There are a couple methods I’ve used to invalidate the cache (remove the value from cache) and let the cache aside (lazy loading) method do it’s job.
Cache Expiry (TTL)
Most caches have the ability to expire a cached value after a period of time (time to live). When this occurs by the cache, the next call for an expired item will have to go through the 3 steps of the lazy loading method to re-populate the cache.
The second method is using asynchronous messaging to notify another process that data has changed and to invalidate the cache.
This requires you to already be using messaging (events) and have a well defined API on where data is mutated in your system. If you have any external system modifying data within your database, you will not be able to emit an event everytime data is changed.
If you’re using something like Entity Framework, you could override the SaveChangesAsync to look at the ChangeTracker to determine which entities have changed and publish events.
One benefit to the Cache Aside (Lazy Loading) method is that if for whatever reason, you cannot reach the cache, you can fallback to using your database. This would work exactly like a cache miss. You would need to handle the appropriate Exceptions and Timeouts from the cache client to determine the Cache is unavailable, and then go directly to the database and return the value.

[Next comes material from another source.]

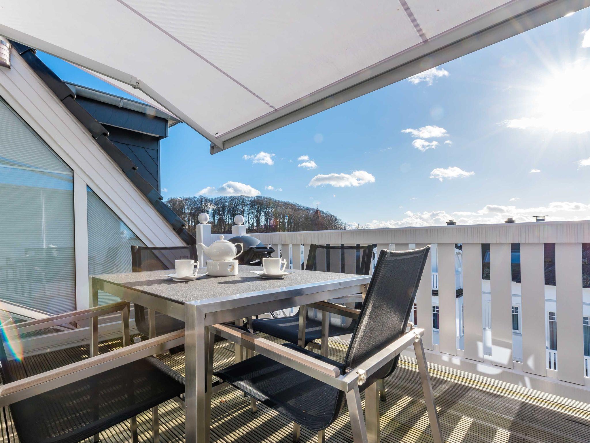 Ein besonderes Highlight ist die von 3 Seiten geschützte Dachterrasse mit hochwertiger Liege und entsprechenden Sitzmöglichkeiten, auf der man bei einem guten Glas Wein mit Blick über die Dächer von Binz den Tag bis spät in den Abend ausklingen lassen kann. Auf Wunsch sorgt eine Markise auf Knopfdruck für Beschattung.
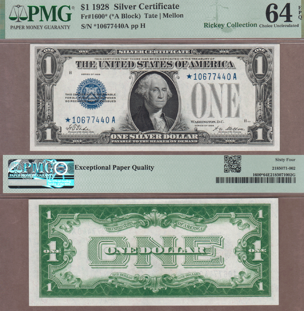 Item Number: SSC-315 PMG Choice Uncirculated 64 EPQ - FR-1600* Tate/Mellon - Beautiful fresh clean STAR note with Exceptional Paper Quality "EPQ". First series for the Funny Back silver certificate. $535.00

The one thing to very aware of, if you cache is unavailable, that all requests are now going to be fulfilled by the database. This could have a significant performance impact on your primary database. Depending on how many requests are normally handled by your cache are now adding all that extra load to your database.
Complexity of Caching
The complexity of caching isn’t trivial.
Avoid caching if you can.
First, look at the queries to your primary database before going down the path of adding a cache. There are many more complexities that you introduce when adding a cache. Avoid it if you can.